- TASK ITEM -
Retype every line from the top of the entries down to the one with "2023年に同氏が手掛けた ACCÜSED AD", both included, and skip the pictures.
══════════════════════════════
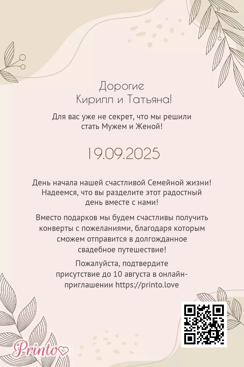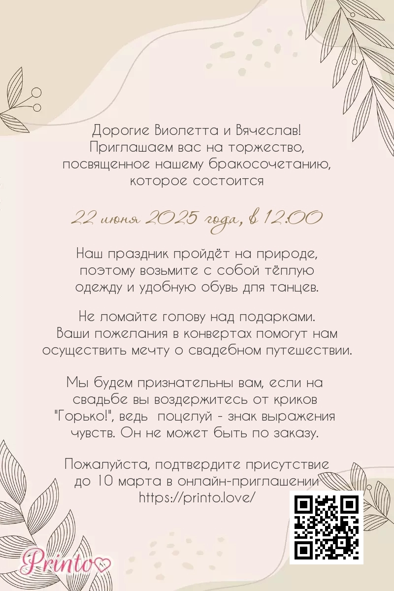 На листе может располагаться персональная ссылка, а так же QR-код на именное цифровое приглашение. Таким образом гости, получившие печатное приглашение, смогут узнать больше о свадьбе и подтвердить присутствие в онлайне.
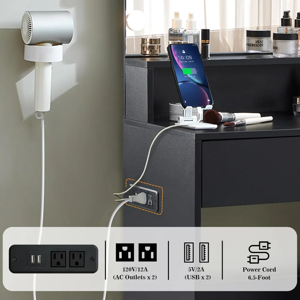 • 【Side-mounted Built-in Charging Station】This vanity table features a convenient charging station with 2 standard power outlets and 2 USB ports, plus an extra USB port on the inner side. Perfect for dressing rooms, bedrooms, or salons, this setup allows you to easily use hair dryers, curling irons, and charge your phone or other devices while doing makeup
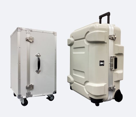 一筐体で試験環境が整いますので、今までは 8機種 (総質量 70kg) 相当の計器類を準備しなければならなかったところ、運搬が楽になり配線作業を含む環境構築工程も格段に改善されます。約22kg (本体のみ) のポータブル仕様のため現場への持ち運びも容易です。
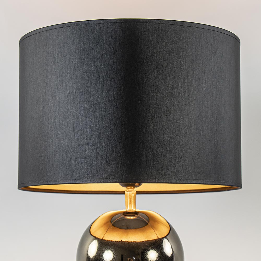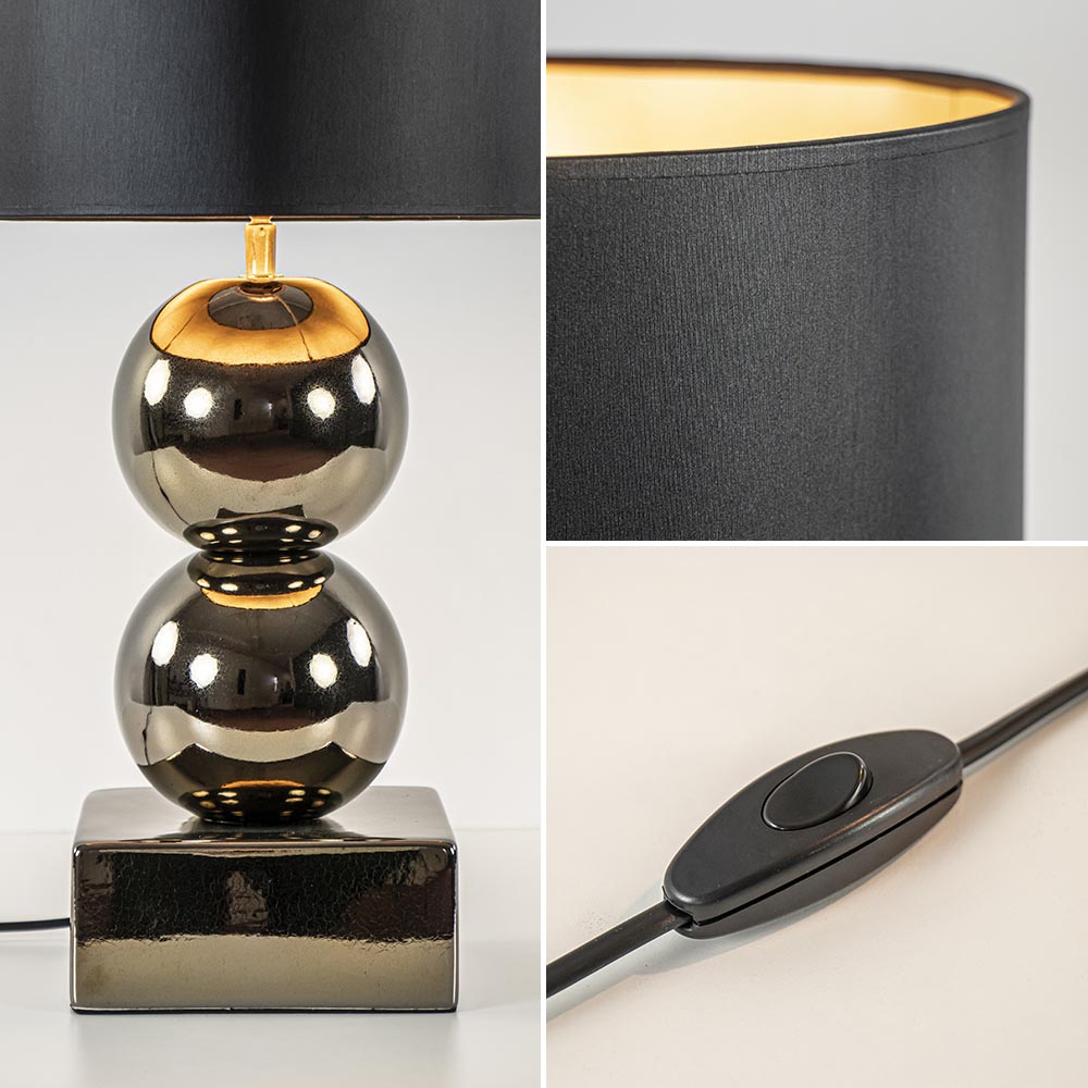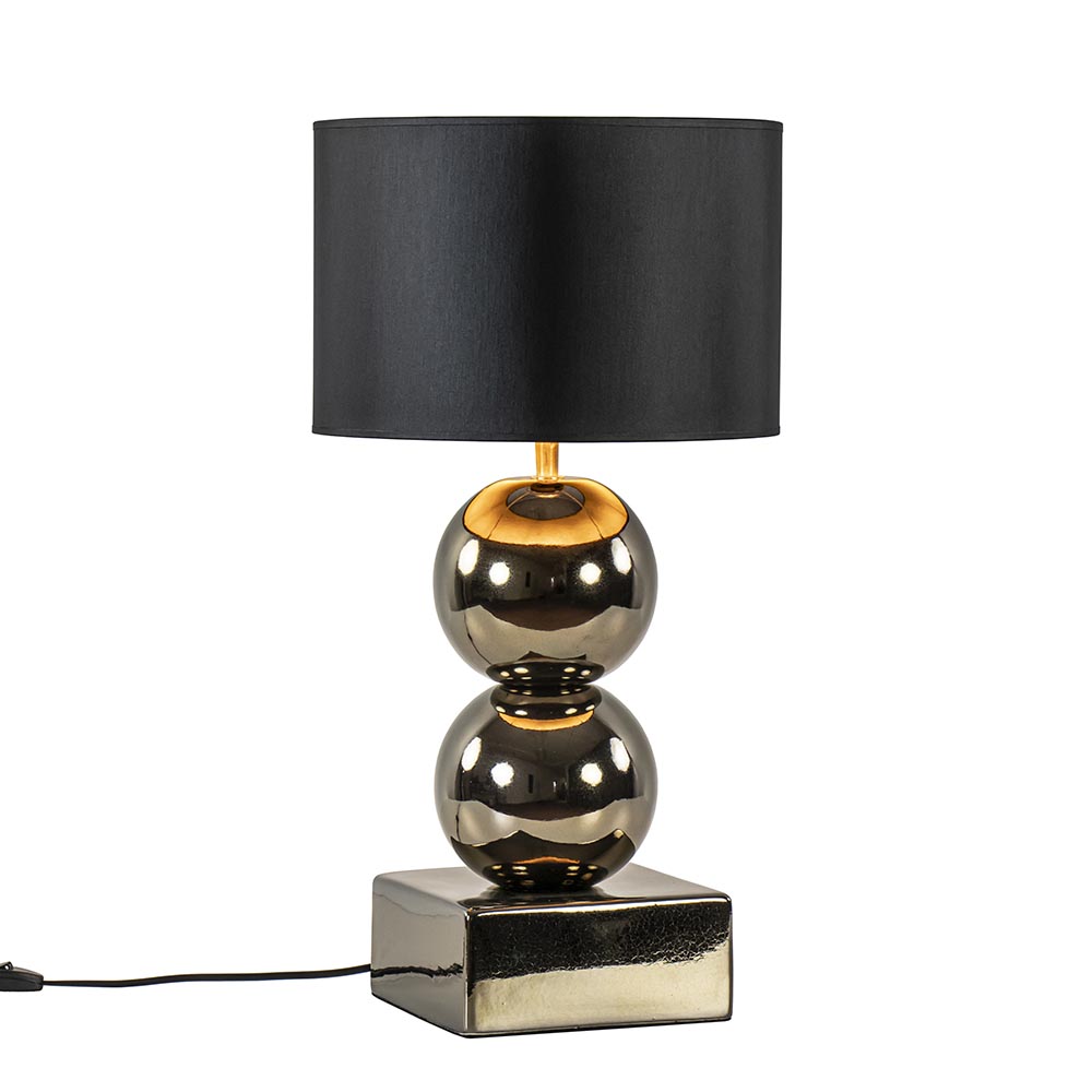 Een elegante toevoeging voor een strak klassiek of hotel chic interieur. De lampvoet is volledig gemaakt van keramiek en is uitgevoerd in het goud. Dit geeft de tafellamp een luxe uitstraling die compleet wordt gemaakt door de ronde kap in het zwart/goud. Deze wordt ondersteund door een fitting met kogelgewricht zodat u de kap gemakkelijk recht kunt zetten. De tafellamp met bollen is voorzien van een zwart snoer met een lengte van 140 cm. De schakelaar bevindt zich op 20 cm van de voet. De chique tafellamp met kap wordt exclusief lichtbron geleverd.
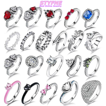 Anillo de Plata de Ley 925 para mujer, diseño de corona Original, romántico, oro rosa, cristal de circón, joyería de boda de compromiso de lujo principal
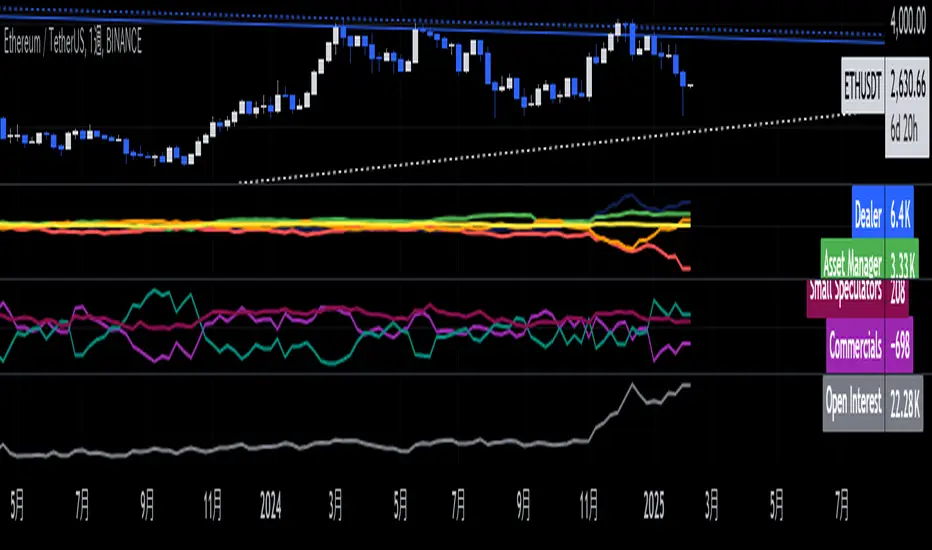 Ethereum COT [SAKANE] is an indicator that visualizes Ethereum futures market positions based on the Commitment of Traders (COT) report provided by the CFTC (Commodity Futures Trading Commission).
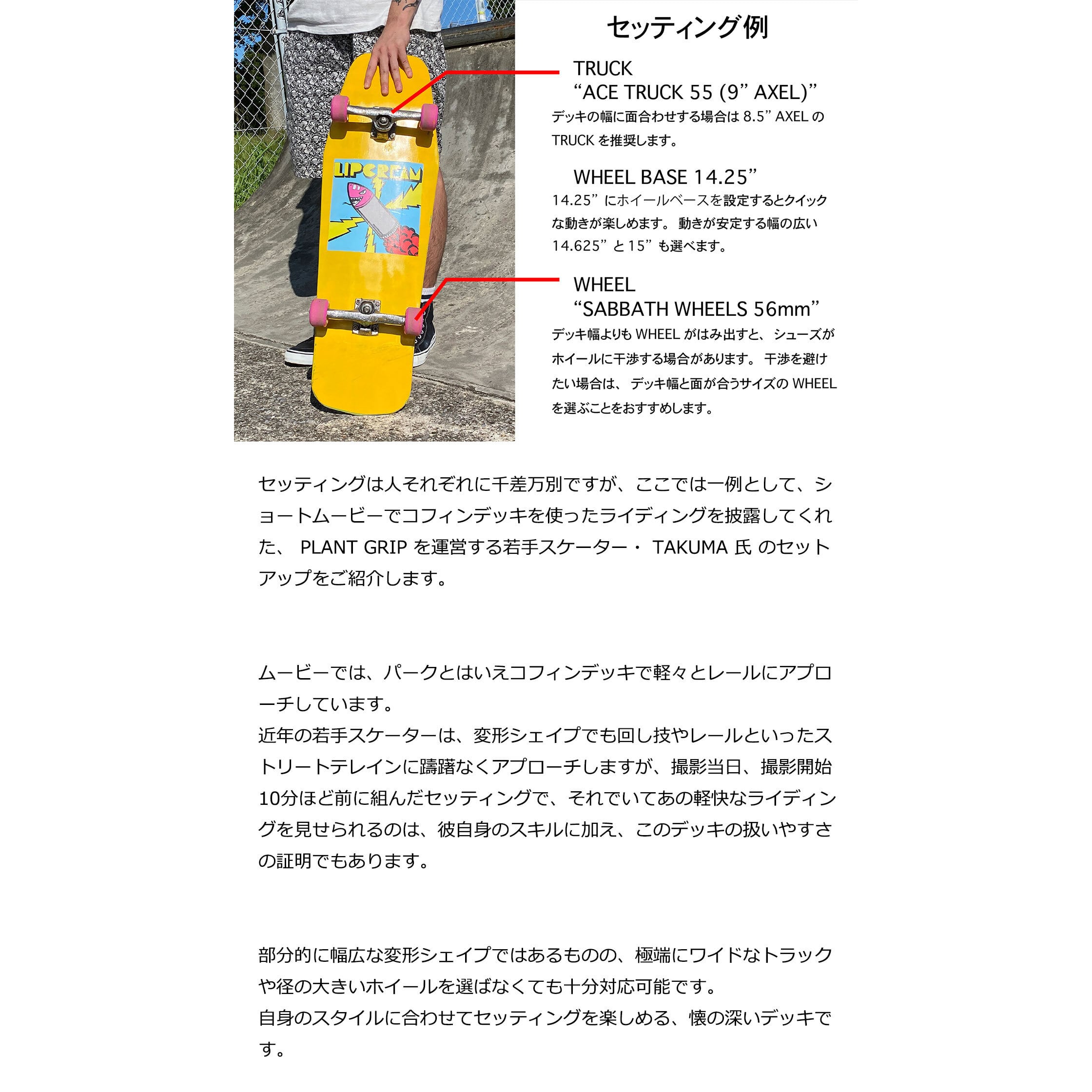 2023年に同氏が手掛けた ACCÜSED AD のコフィンデッキをベースに、 LIP CREAM のボーカリスト JHAJHA 氏の要望により、よりシャープな形状にリシェイプされました。
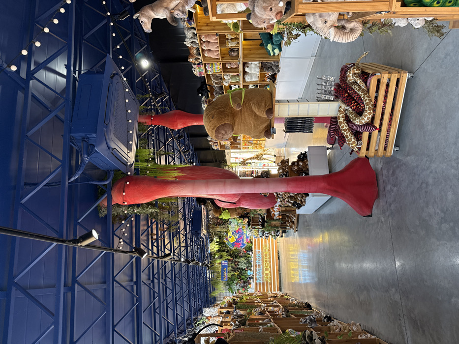 The image displays the interior of a retail store identified as "Malinki ZooStore," located at Komsomolskaya ulitsa, 22Б, Shakhty, Rostov Oblast, Russia. The environment features a high ceiling with exposed blue metal truss framework and overhead track lighting with spotlights. String lights with small white bulbs are suspended across the ceiling, along with an oblong blue HVAC unit. The floor is concrete. Two large, abstract, red flamingo-like columnar structures serve as prominent decorative elements, extending from the floor towards the ceiling in the midground. Artificial green foliage hangs from the ceiling and adorns various display units. On the left, multiple wooden shelving units are stocked with a variety of plush animals. In the background, a wooden cash register counter is visible, illuminated by neon-like signs that read "КАССА" (Cashier) and "МАЛИНКИ ZOOSTORE." In the midground to the right, a large brown plush animal, resembling a marmot or groundhog, is seated on a white pedestal display, encircled by a green band. Directly below it, a wooden crate on wheels contains numerous coiled plush snakes. Further to the right, additional wooden shelves exhibit a diverse assortment of plush animals, including kangaroos, elephants, wild boars, and leopards. A tall plush giraffe is partially visible in the right background. No people are present or engaged in any actions or interactions within the depicted scene.
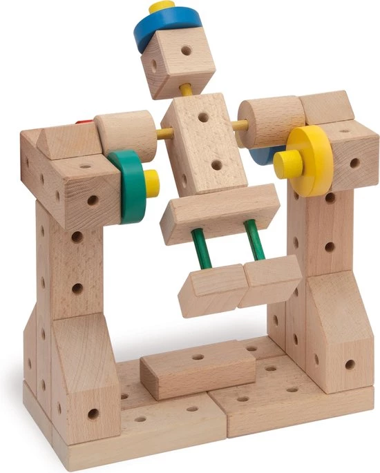 De afmetingen van de houten blokken van 4×4 cm en de staafjes met een diameter van 8 mm zijn perfect geschikt voor de grootte van kleine kinderhanden.
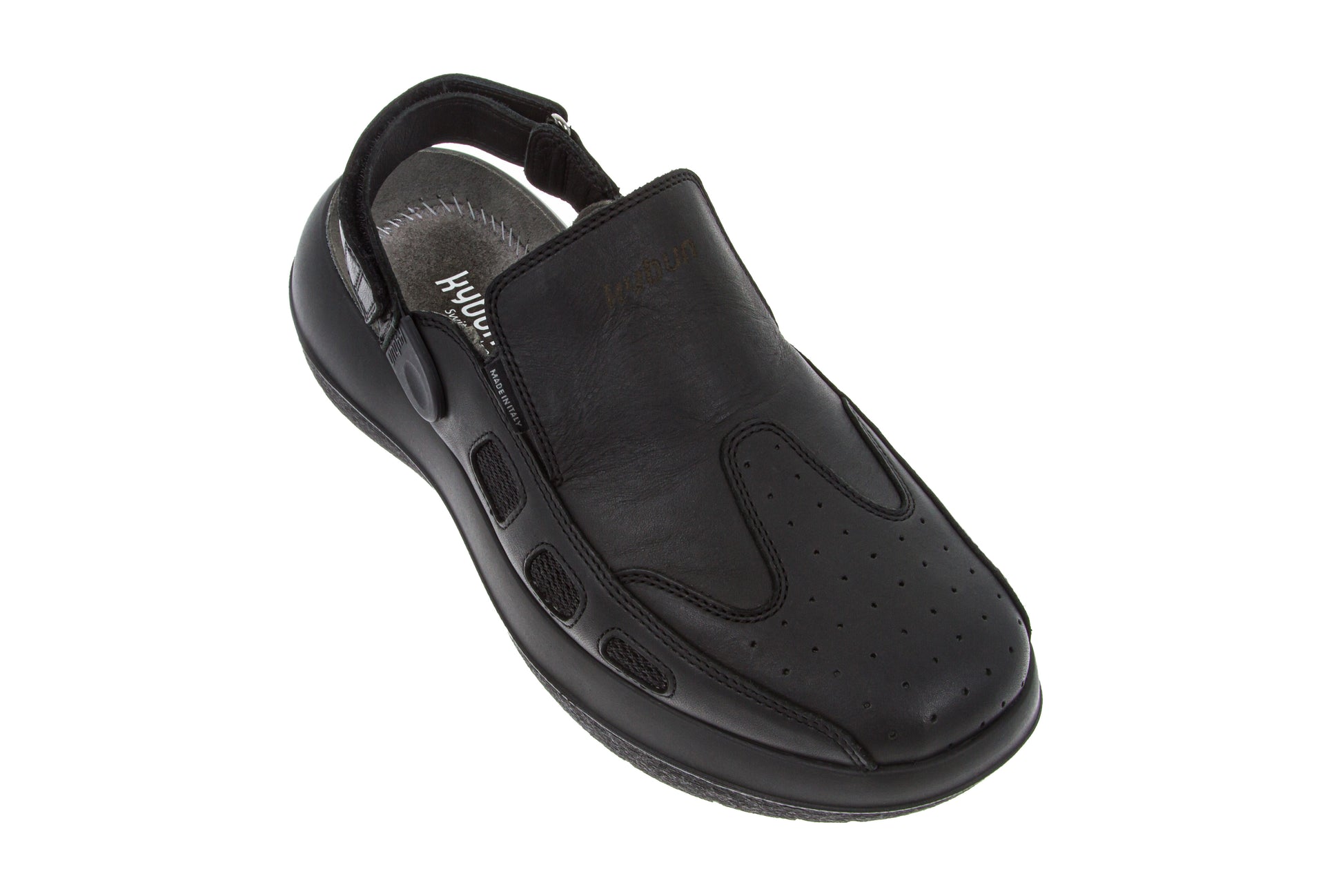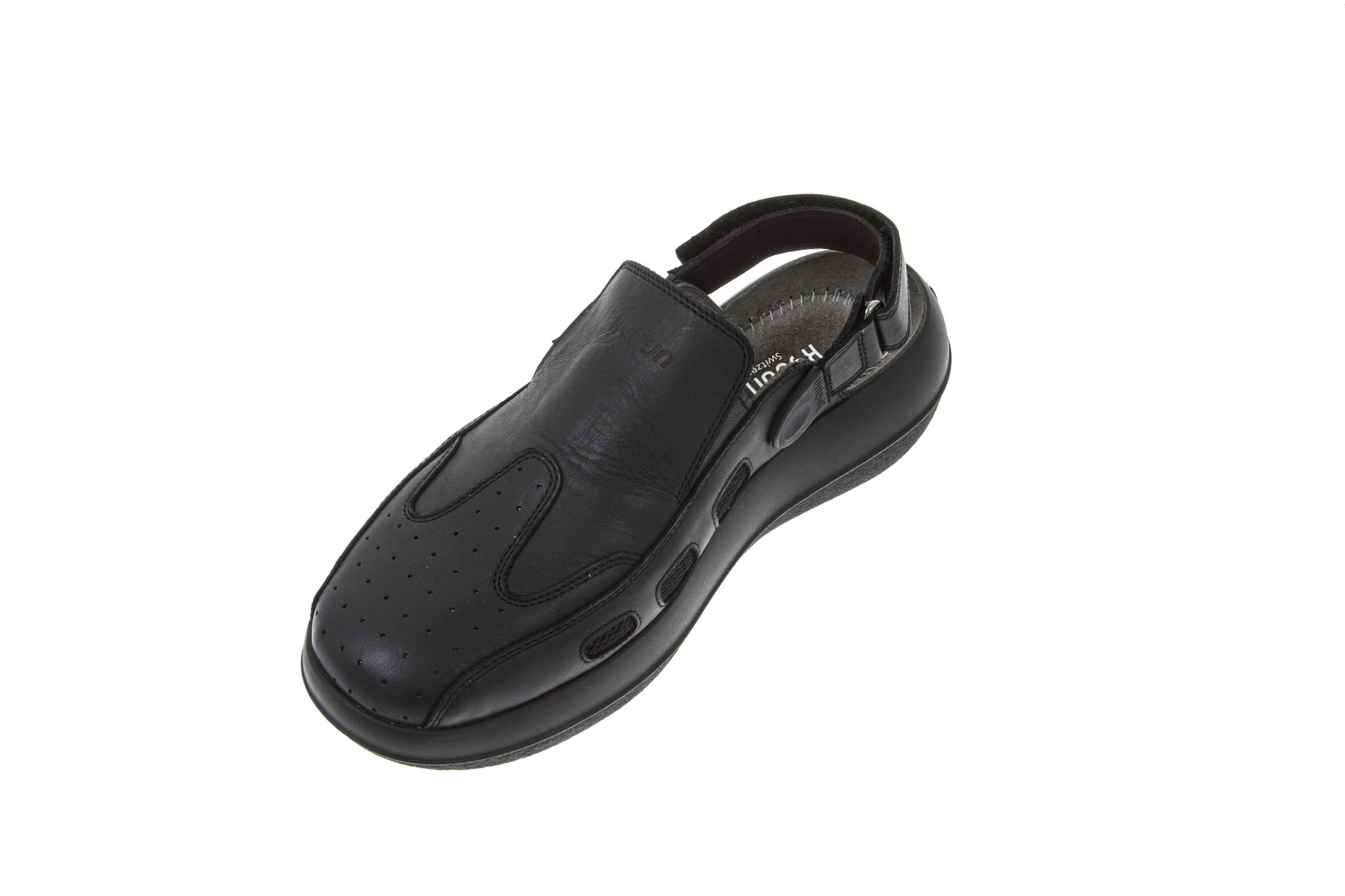 The Koryo has been one of kybun's most popular slip-ons for some years. Whether worn at home, at work or at leisure, this backless ladies' shoe suits every occasion. The heel strap can be adjusted to any length or removed entirely. The instep height can now also be adjusted individually to fit any foot using a Velcro fastener, making the Koryo 20 Black even more comfortable to wear. This successor model of Koryo Black is released on the Strato sole.
══════════════════════════════
- THE COMPLETED TASK -
 На листе может располагаться персональная ссылка, а так же QR-код на именное цифровое приглашение. Таким образом гости, получившие печатное приглашение, смогут узнать больше о свадьбе и подтвердить присутствие в онлайне.
 • 【Side-mounted Built-in Charging Station】This vanity table features a convenient charging station with 2 standard power outlets and 2 USB ports, plus an extra USB port on the inner side. Perfect for dressing rooms, bedrooms, or salons, this setup allows you to easily use hair dryers, curling irons, and charge your phone or other devices while doing makeup
 一筐体で試験環境が整いますので、今までは 8機種 (総質量 70kg) 相当の計器類を準備しなければならなかったところ、運搬が楽になり配線作業を含む環境構築工程も格段に改善されます。約22kg (本体のみ) のポータブル仕様のため現場への持ち運びも容易です。
 Een elegante toevoeging voor een strak klassiek of hotel chic interieur. De lampvoet is volledig gemaakt van keramiek en is uitgevoerd in het goud. Dit geeft de tafellamp een luxe uitstraling die compleet wordt gemaakt door de ronde kap in het zwart/goud. Deze wordt ondersteund door een fitting met kogelgewricht zodat u de kap gemakkelijk recht kunt zetten. De tafellamp met bollen is voorzien van een zwart snoer met een lengte van 140 cm. De schakelaar bevindt zich op 20 cm van de voet. De chique tafellamp met kap wordt exclusief lichtbron geleverd.
 Anillo de Plata de Ley 925 para mujer, diseño de corona Original, romántico, oro rosa, cristal de circón, joyería de boda de compromiso de lujo principal
 Ethereum COT [SAKANE] is an indicator that visualizes Ethereum futures market positions based on the Commitment of Traders (COT) report provided by the CFTC (Commodity Futures Trading Commission).
 2023年に同氏が手掛けた ACCÜSED AD のコフィンデッキをベースに、 LIP CREAM のボーカリスト JHAJHA 氏の要望により、よりシャープな形状にリシェイプされました。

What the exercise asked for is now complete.